From: Andy Lutomirski
Date: Mon Dec 11 2017 - 11:28:55 EST


On Mon, Dec 11, 2017 at 6:09 AM, Zhang Rui <rui.zhang@xxxxxxxxx> wrote:
> On Sun, 2017-12-10 at 12:30 -0800, Linus Torvalds wrote:
>> On Sun, Dec 10, 2017 at 10:56 AM, Pavel Machek <pavel@xxxxxx> wrote:
>> >
>> >
>> > Confirmed, revert fixes it. You see how it moves
>> > fix_processor_context
>> > around #ifdef CONFIG_X86_32 block? And how people forget 32-bit
>> > machines exist? Aha.
>> Yeah, people do.
>>
>> Andy?
>>
>> >
>> > Which brings me to .. various people do automated testing of
>> > kernel. Testing 32-bit kernel for boot, and both 32-bit and 64-bit
>> > for
>> > boot and suspend would be very nice. The last item is not hard,
>> > either:
>> >
>> > sudo rtcwake -l -m mem -s 5
>> >
>> > ...should take 10 seconds or so.
>> I'm told 0day does *some* suspend/resume testing, but I think it's
>> pretty limited, partly because the kinds of machines it primarily
>> works on don't really support suspend/resume at all.
>
> currently, we're running suspend test on 1 platform only, with 64 bit
> kernel. suspend test will be enabled on more platforms (laptops) in
> next two weeks.
>
> I will check why it does not find the first regression introduced by
> ca37e57bbe0c ("x86/entry/64: Add missing irqflags tracing to
> native_load_gs_index()").
>
>> I'm also not sure
>> just how many of those machines are 32-bit at all..
>
> for this, I suppose it can be reproduced if we use 32-bit kernel and
> rootfs, right? Then it's easier to enable this in 0Day.
>

Yes.

The 64-bit problem should also be reproducible with rtcwake even in a vm.

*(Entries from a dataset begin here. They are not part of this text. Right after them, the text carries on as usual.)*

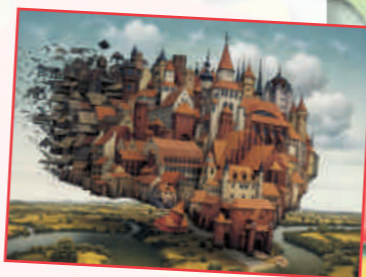
SC59512 - A City on the Wing 1000pc £13.00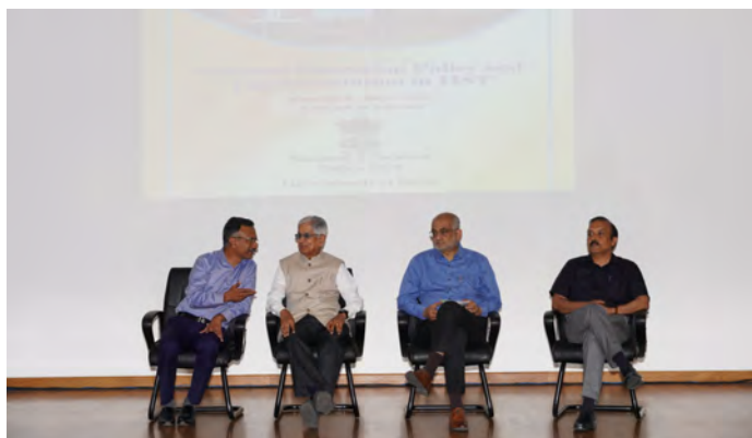
Honorable Chancellor and Director with resource persons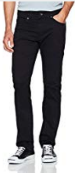
Men's Slim Fit, Straight Jeans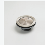
AC28 Basket Waste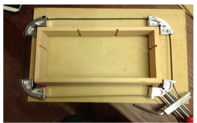
Merle Multi-Corner Clamp Copyright 2015. MLCS Woodworking. Page 3

Before glue up and assembly of the box body, make sure to give the interior a good sanding. This is imperative because it will be very difficult to do so after assembly. With the interior sanded, the box can be glued up. Before applying any glue, roughly expand the Merle Clamp band to a size that is just slightly larger than the overall length and width of the box. Position the adjustable corners in their approximate locations along the steel banding. The pivoting corner inserts can be removed from the Merle Corner clamp to help you produce a square glue up or left in place, as long as you check for square after the clamp is tightened. Apply glue to mitered ends and assemble the box. A piece of masking tape can act as a second set of hands to hold the pieces together as you fit each corner together. Place the box into the clamp and turn the handle to apply enough pressure to hold the parts together, making sure the corner profiles are matching up properly. Once you have all four corners secured, check the box to make sure it is square and make any adjustments needed to maintain a square box. At this point it is safe to put the box body aside and allow the glue adequate drying time.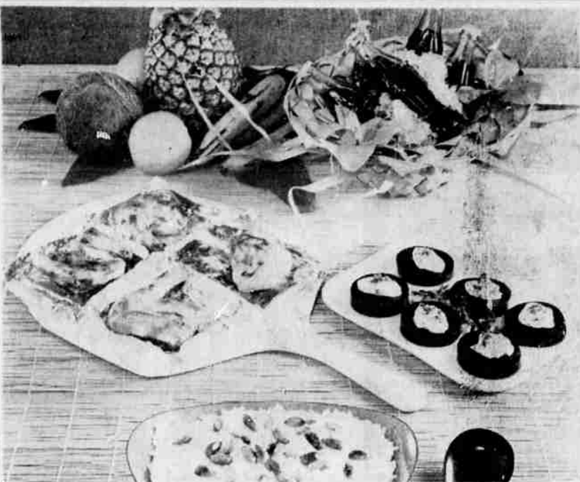
CHICK-N-QUE IN FANCY DRESS is shown in this picture of an informal Hawaiian patio party with Chicken in Herb Butter, Almond Rice, Frosted Cranberry Sauce and cold Coca-Cola.

Blend a quarter cup of butter and 1/2 teaspoon curry powder and spread on eight slices of French bread. Place in a hot oven until crispy. Serve with creamed chicken or with soup.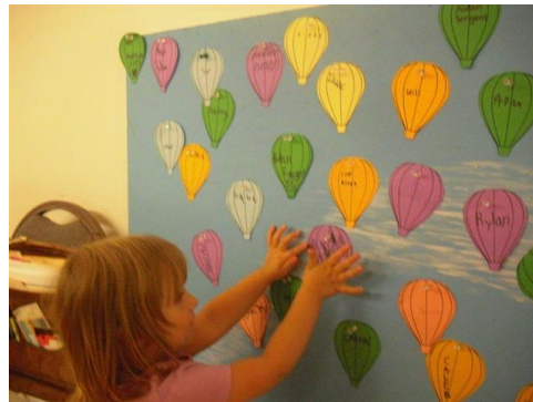
Miya Pelletier pins her balloon name tag

As they enter the club's facility for the Train Fest, children will write their names on small paper hot air balloons and add them to a painted backdrop scene.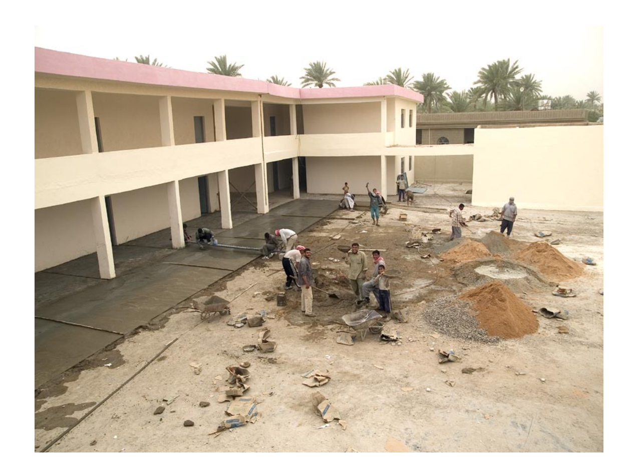
Above and Facing: Team 2, Detachment 2, 5th CAG members inspect school renovations on outskirts of Karmah.

Also, on this topic, could make run_tests in
tools/testing/selftests/x86 be added to the rotation as well? The
testing dir should match the kernel being tested IMO.

> thanks,
> rui
>>
>> But I'm adding Zhang Rui to the cc, to see if my recollection is
>> right.
>>
>> Because you're right, more suspend/resume automated testing would be
>> good to have. And yes, people test mainly 64-bit these days.
>>
>> Also, I'm not even sure what the 0day rules are for just plain
>> mainline. I don't tend to see a lot of breakage reports, even though
>> I'd expect to. This came in from the x86 trees (and those do their
>> own
>> tests too, but probably not suspend/resume either), but it hit my
>> tree
>> fairly soon after going into the x86 -tip trees.